We consider a linking model that breaks down the parameters of interest $θ_{i}$ as follows:

$θ_{i} = β^{Τ} z_{i} + b_{i} v_{i}, i = 1, \dots, m, (2.1)$

where $β$ is a vector of model parameters of the same dimension as $z_{i},$ $b_{i}$ are fixed factors that can be used to account for heterosedasticity in the model and $v_{i}$ are error terms that follow the normal distribution: $v_{i} | Z ~ N (0, σ_{v}^{2}),$ where $σ_{v}^{2}$ is a model parameter. In practice, $b_{i} = 1$ is a common choice but it may be more natural to choose $b_{i} = N_{i}$ when $θ_{i}$ is a total. The term $β^{Τ} z_{i}$ is the known effect or effect explained by the model of the finite population parameter $θ_{i},$ while $b_{i} v_{i}$ is the unknown or unexplained effect that is called the unexplained local effect of $θ_{i}$ or simply the local effect of $θ_{i} .$

The direct estimator of $θ_{i}$ is denoted by ${\hat{θ}}_{i} .$ It is usually obtained by assigning a survey weight to each unit of the sample $s_{i} .$ The survey weight of a unit can simply be the inverse of its probability of selection in the sample $s$ or a calibration weight. The sampling error is defined as:

$e_{i} = {\hat{θ}}_{i} - θ_{i} . (2.2)$

In what follows, the direct estimator will be assumed to be design-unbiased, i.e. $E ({\hat{θ}}_{i} | Ω) = θ_{i}$ or $E (e_{i} | Ω) = 0.$ This assumption is not always satisfied in practice, for example when using calibration weights, but we will make the usual assumption that the bias remains negligible. We will also assume that the direct estimator ${\hat{θ}}_{i},$ and thus the error $e_{i},$ follows a normal distribution. As discussed in Rao and Molina (2015, page 77), the normality assumption of the errors $e_{i}$ is possibly weaker than the normality assumption of the errors $v_{i}$ because of the effect of the central limit theorem on ${\hat{θ}}_{i} .$ Of course, this effect is less pronounced for smaller domains. Under these assumptions, we have: $e_{i} | Ω ~ N (0, ψ_{i}),$ where $ψ_{i} = V ({\hat{θ}}_{i} | Ω)$ is the design variance of ${\hat{θ}}_{i} .$ The sample size $n_{i}$ can be very small, which can lead to poor precision of the direct estimator ${\hat{θ}}_{i} .$ This problem has been at the origin of small area estimation research.

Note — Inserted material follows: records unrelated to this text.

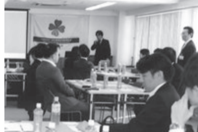
各者のトップが集まってグループで話し合い

総務省の統計調査 高齢者24・1%に 総務省統計局がわが国の65歳以上の高齢者数を発表しました。それによると2012年9月15日現在、65歳以上の高齢者は3074万人で総人口に占める割合は24・1%に達しました。不動産業界でも高齢者住宅に関する入居環境について多くの議論が行われ、また新ビジネスへの対応も進んでいます。
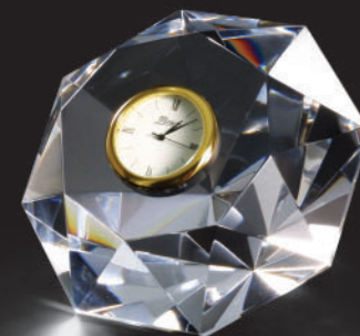
Hodiny Diamant Clock Diamond
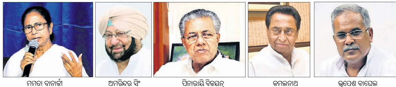
ମମତା ବାନାର୍ଜୀ, ଅମରିନ୍ଦର ସିଂ, ପିନାରାୟି ବିଜୟନ୍, କମଳନାଥ, ଭୂପେଶ ବାଗେଲ

ନାଗରିକତ୍ୱ ସଂଶୋଧନ ଆଇନ (ସିଏଏ), ୨୦୧୯କୁ କାର୍ଯ୍ୟକାରୀ କରିବା ପାଇଁ ରାଜ୍ୟଗୁଡ଼ିକ ବାଧ୍ୟ। ସମ୍ଭାଷଣ ସମ୍ମୁଖ ପରିଚ୍ଛେଦ ଅନୁସାରେ ଏହି ଆଇନ ଅଣାଯାଇଥିବାରୁ ଏହାକୁ ପ୍ରତ୍ୟାଖ୍ୟାନ କରିବା ଅଧିକାର କୌଣସି ରାଜ୍ୟ ସରକାରଙ୍କର ନାହିଁ ବୋଲି ଶୁଣାଇବା ସ୍ୱରାଷ୍ଟ୍ର ମନ୍ତ୍ରଣାଳୟ ପକ୍ଷରୁ ସ୍ପଷ୍ଟ କରାଯାଇଛି। ନବପ୍ରକାଶ ନାଗରିକତ୍ୱ ସଂଶୋଧନ ଆଇନକୁ ଅସାଧାରଣ ଦର୍ଶାଇ କେତେକ ମୁଖ୍ୟମନ୍ତ୍ରୀ ଏହାକୁ ନିଜ ନିଜ ରାଜ୍ୟରେ ଲାଗୁ କରିବାକୁ ମନାକରି ଦେଖିଛନ୍ତି। ସେମାନେ ହେଲେ ମମତା ବାନାର୍ଜୀ (ପଶ୍ଚିମବଙ୍ଗ), ଅମରିନ୍ଦର ସିଂ (ପଞ୍ଜାବ), ପିନାରାୟି ବିଜୟନ୍ (କେରଳ), କମଳନାଥ (ମଧ୍ୟପ୍ରଦେଶ) ଓ ଭୂପେଶ ବାଗେଲ (ଛତିଶଗଡ଼)। ମୁଖ୍ୟମନ୍ତ୍ରୀମାନଙ୍କ ମତରେ ପରିପ୍ରେକ୍ଷାରେ ସ୍ୱରାଷ୍ଟ୍ର ମନ୍ତ୍ରଣାଳୟର ଜଣେ ବରିଷ୍ଠ ଅଧିକାରୀ କହିଛନ୍ତି, କେନ୍ଦ୍ର ତାଲିକାରେ ଥିବା ଏକ କେନ୍ଦ୍ରୀୟ ଆଇନକୁ କାର୍ଯ୍ୟକାରୀ ପାଇଁ ମନାକରିବା ସକାଶେ କ୍ଷମତା କୌଣସି ରାଜ୍ୟ ପାଖରେ ନାହିଁ। ସମ୍ପୂର୍ଣ୍ଣ ପରିଚ୍ଛେଦର କେନ୍ଦ୍ର ତାଲିକାରେ ପ୍ରତିରକ୍ଷା, ବହିର୍ବ୍ୟାପାର, ରେଳଦେଇ, ନାଗରିକତ୍ୱ ଓ ପ୍ରାକୃତିକାବଳୀ ଭଳି ୯୭ଟି ବିଷୟ ରହିଛି। ନାଗରିକତ୍ୱ ସଂଶୋଧନ ଆଇନ ଅନୁସାରେ ପାକିସ୍ତାନ, ବାଂଲାଦେଶ ଓ
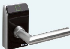
Kaba c-lever compact kompakter mechatronischer Beschlagsleser, zylinderunabhängig
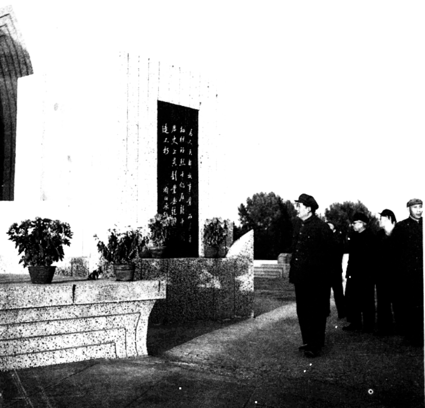
1952年11月1日，毛泽东主席参谒晋冀鲁豫烈士陵园。
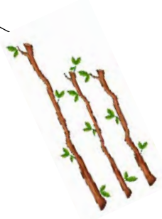
Petites branches d'arbre
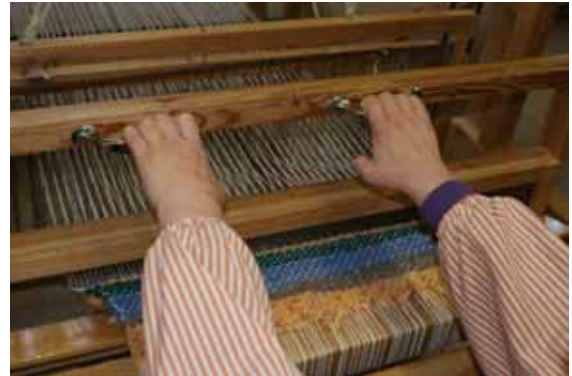
Taller de teixits
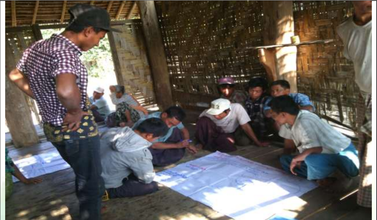
အမျိုးသားအုပ်စု၏ မှတ်တမ်းဓါတ်ပုံ
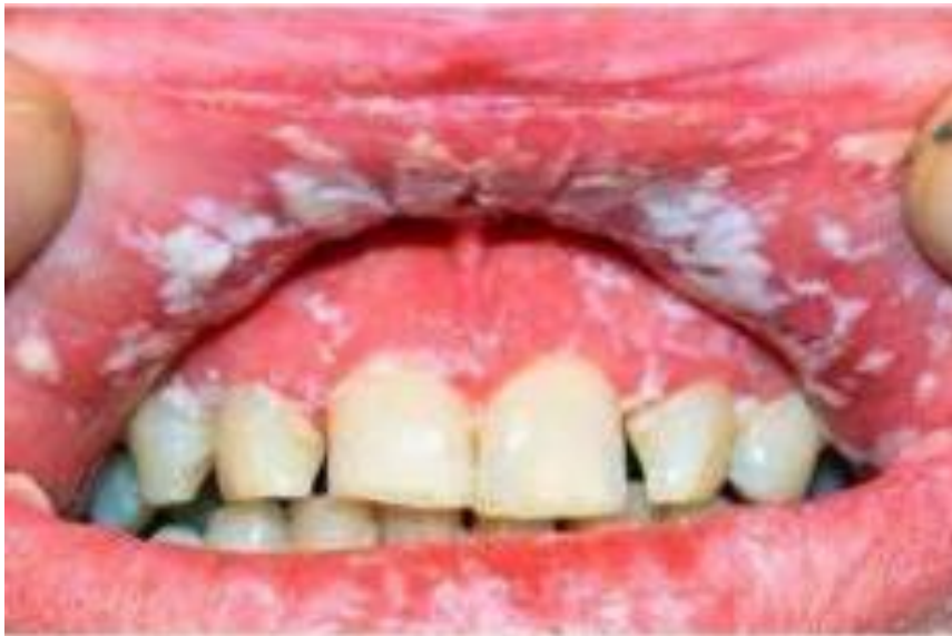
Slika 3. Akutna pseudomembranozna kandidijaza. Preuzeto sa (32).

Upotreba antibiotika širokoga spektra može dovesti do pojave kandidijaze u usnoj šupljini. Najčešće je uzrokovana Candidom albicans , a uz upotrebu antibiotika predisponirajući faktori mogu biti loša oralna higijena, kserostomija, totalne proteze, terapija imunosupresivima ili kortikosteroidima (29). Uz antibiotsku terapiju najčešće vežemo akutnu pseudomembranoznu kandidijazu koja je karakterizirana bjelkastim lezijama na sluznici usne šupljine, eritematoznom podlogom nakon struganja lezije ili plitkim ulceracijama. Može se pojaviti i akutna atrofična kandidijaza kod koje je prisutan atrofični epitel sluznice, eritematozni dijelovi i depapilacija jezika (30).
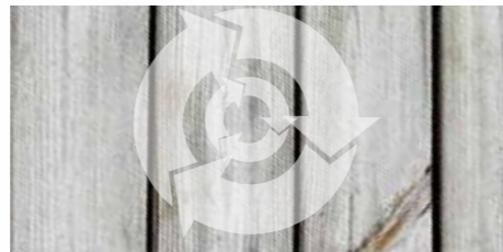
Met circulair borstelen met normale hogedrukreinigers wordt er niet zo goed schoongemaakt en het kan sporen achterlaten

Het Bona Deep Clean Systeem voor de professionele, grondige reiniging - nu met de nieuwe Bona PowerScrubber 2.0 voor nog meer veelzijdigheid en gemak. Roterende borstels zorgen voor een diepe, effectieve reiniging, terwijl het krachtige maar compacte ontwerp van de Bona PowerScrubber 2.0 nog betere prestaties levert dan de meeste automatische schrobzuigmachines. Verdere voordelen zijn de ergonomische bediening, het makkelijk in elkaar zetten en het transport. Verouderde houten vloeren schuren is niet ideaal omdat je dan het verouderde effect kan verwijderen, daarom is Bona Deep Cleaning dé ideale oplossing!
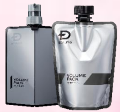
薬用スカルプ パックコンディショナー
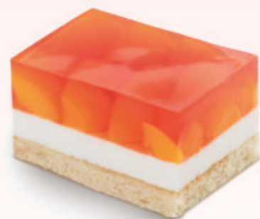
KOSTKA Z BRZOSKWINIAMI

Biszkopt z warstwą puszystej śmietanki, udekorowany galaretką z kawałkami brzoskwini.
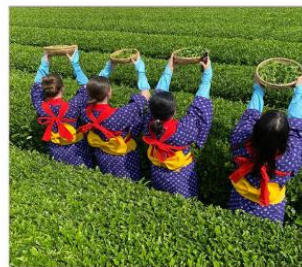
กิจกรรมเก็บชามียาโนเอ็น
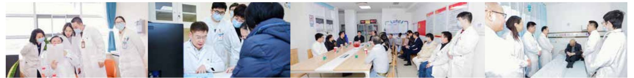
针对疑难病例开展查房、会诊及指导工作

“今天是一个具有纪念意义的日子,它预示着南方医科大学顺德医院将在肿瘤的整体防治、
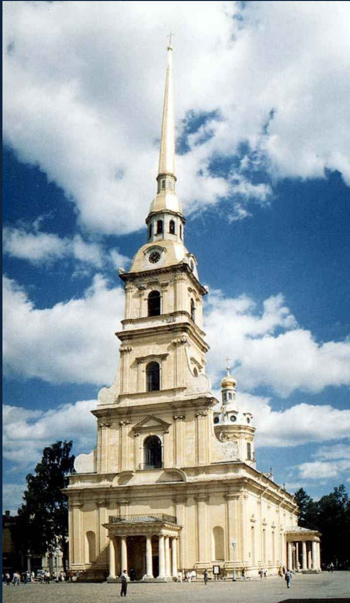
Доменико Трезини. Собор Петропавловской крепости. 1712-1733. СПб
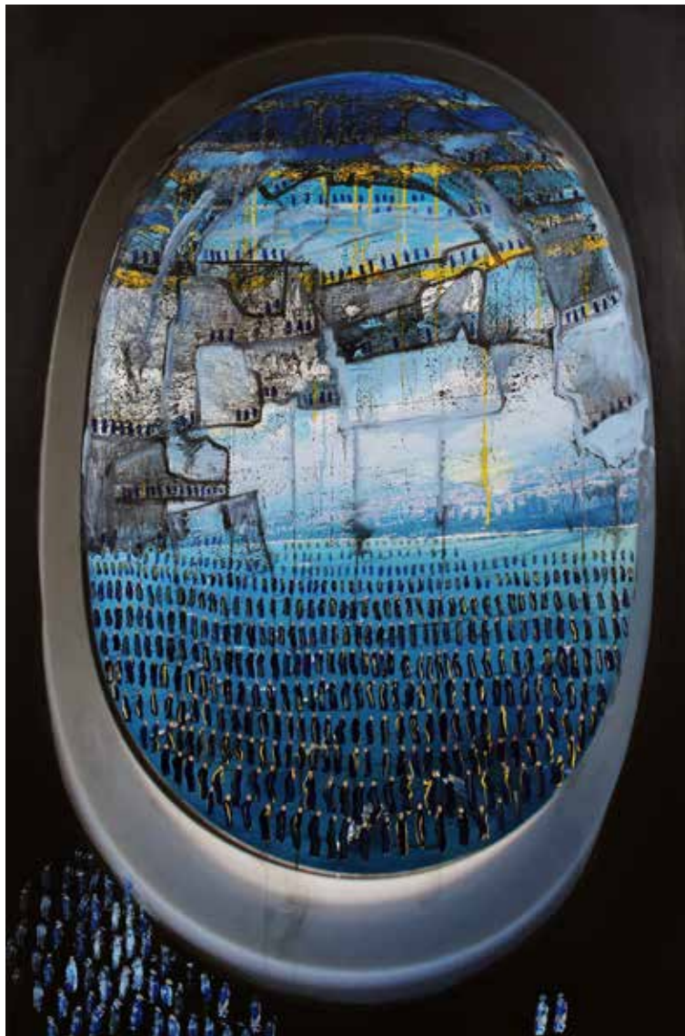
Wandering 4 2014 Mixed Media on Canvas. 87 x 132 cm
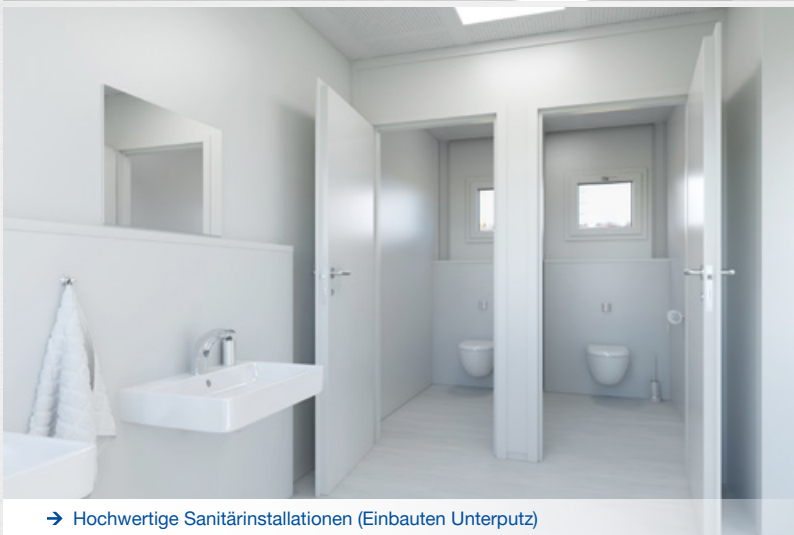
→ Hochwertige Sanitärinstallationen (Einbauten Unterputz)
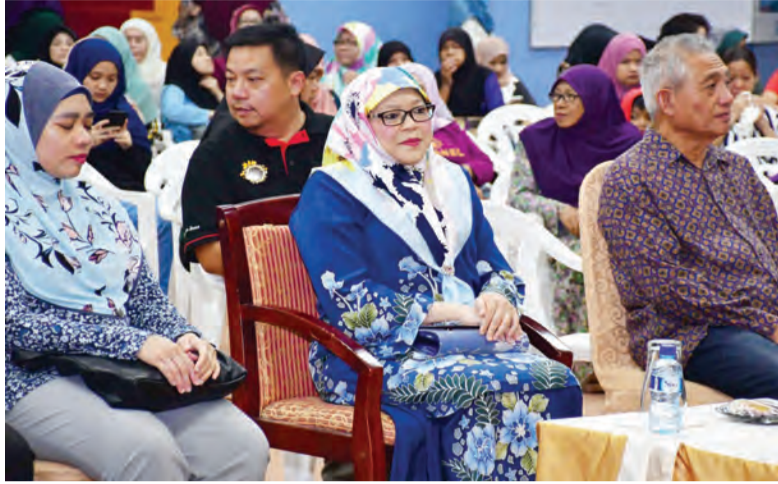
TIMBALAN Setiausaha Tetap (Kebudayaan), Kementerian Kebudayaan, Belia dan Sukan ketika hadir selaku tetamu kehormat pada acara 'Traditional Gulintangan Fusion Night'.

BANDAR SERI BEGAWAN, Jumaat, 7 Februari. - Dalam usaha untuk mengetengahkan bakat-bakat belia dalam bidang seni dan kebudayaan, Festival Jubli Emas Pusat Belia diteruskan lagi dengan acara 'Traditional Gulintangan Fusion Night' yang diadakan di Pusat Belia, Bandar Seri Begawan, di sini.
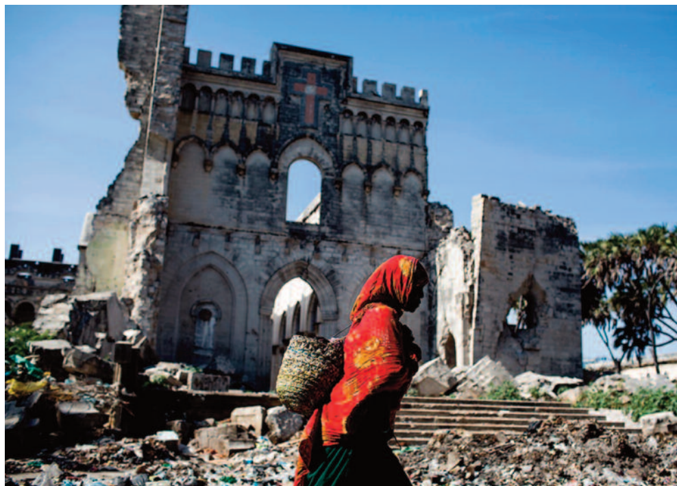
Under: Ruiner av katedralen i Mogadishu

kene i Somalia skulle innstille jakten på Mohamed Farrah Aidid, fokusere mindre på militære løsninger og mer på politiske løsninger, og forberede seg på uttrekning fra Somalia innen 31. mars 1994. Clintons beslutning om å innstille jakten på Aidid ble avgjørende for at nesten samtlige UNOSOM-bidragstende land bestemte seg for å gjøre det samme. UNOSOMs mulighet for å bruke vold ble ikke formelt trukket tilbake, men innholdet døde så å si hen av seg selv da de nasjonale kontingentene i UNOSOM bestemte seg for å følge USAs eksempel. Aidid på sin side fryktet et amerikansk gjengjeldelsesangrep. Bare få dager etter slaget i Mogadishu inngikk han en ensidig våpenhvile med amerikanerne. Norge fulgte eksempelet til USA og de fleste UNOSOM-land og bestemte seg for å trekke ut styr-
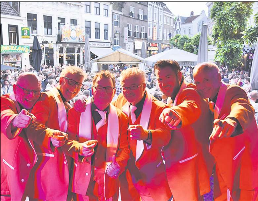
Die Jazz Connection kommt am 16. Juli in den Rathausinnenhof.
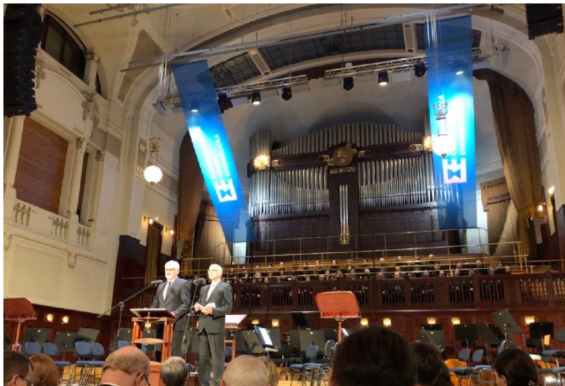
16. prosince proběhlo slavnostní shromáždění v Obecním domě v Praze ke stému výročí ČCE
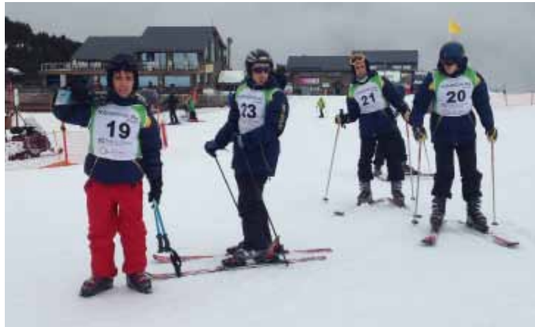
Participants d'Special Olympics en una prova a Soldeu-el Tarter

By combining the model (2.1) and the expression (2.2), we obtain the combined model, also called the Fay-Herriot model:

${\hat{θ}}_{i} = β^{Τ} z_{i} + b_{i} v_{i} + e_{i} . (2.3)$

Noting that $v_{i}$ is fixed under the sampling design, it can easily be shown that $V (b_{i} v_{i} + e_{i} | Z) = b_{i}^{2} σ_{v}^{2} + {\tilde{ψ}}_{i},$ where ${\tilde{ψ}}_{i} = E (ψ_{i} | Z)$ is the smoothed variance (see the remark at the end of this section). The standardized error of the combined model is given by:

$ε_{i} = \frac{{\hat{θ}}_{i} - β^{Τ} z_{i}}{\sqrt{b_{i}^{2} σ_{v}^{2} + {\tilde{ψ}}_{i}}} . (2.4)$

The direct estimate ${\hat{θ}}_{i}$ provides information about $θ_{i} .$ Rao and Molina (2015, Chapter 9, pages 271-272) give the conditional distribution of $θ_{i} :$

$θ_{i} | Z, {\hat{θ}}_{i} ~ N {β^{Τ} z_{i} + γ_{i} ({\hat{θ}}_{i} - β^{Τ} z_{i}), (1 - γ_{i}) b_{i}^{2} σ_{v}^{2}}, (2.5)$

where $γ_{i} = \frac{b_{i}^{2} σ_{v}^{2}}{b_{i}^{2} σ_{v}^{2} + {\tilde{ψ}}_{i}} .$

The best predictor of $θ_{i},$ conditionally on ${\hat{θ}}_{i}$ (Rao and Molina, 2015), is then given by:

${\hat{θ}}_{i}^{B} = E (θ_{i} | Z, {\hat{θ}}_{i}) = γ_{i} {\hat{θ}}_{i} + (1 - γ_{i}) β^{Τ} z_{i} . (2.6)$

In the remainder of this paper, the best predictor ${\hat{θ}}_{i}^{B}$ will be called the B estimator.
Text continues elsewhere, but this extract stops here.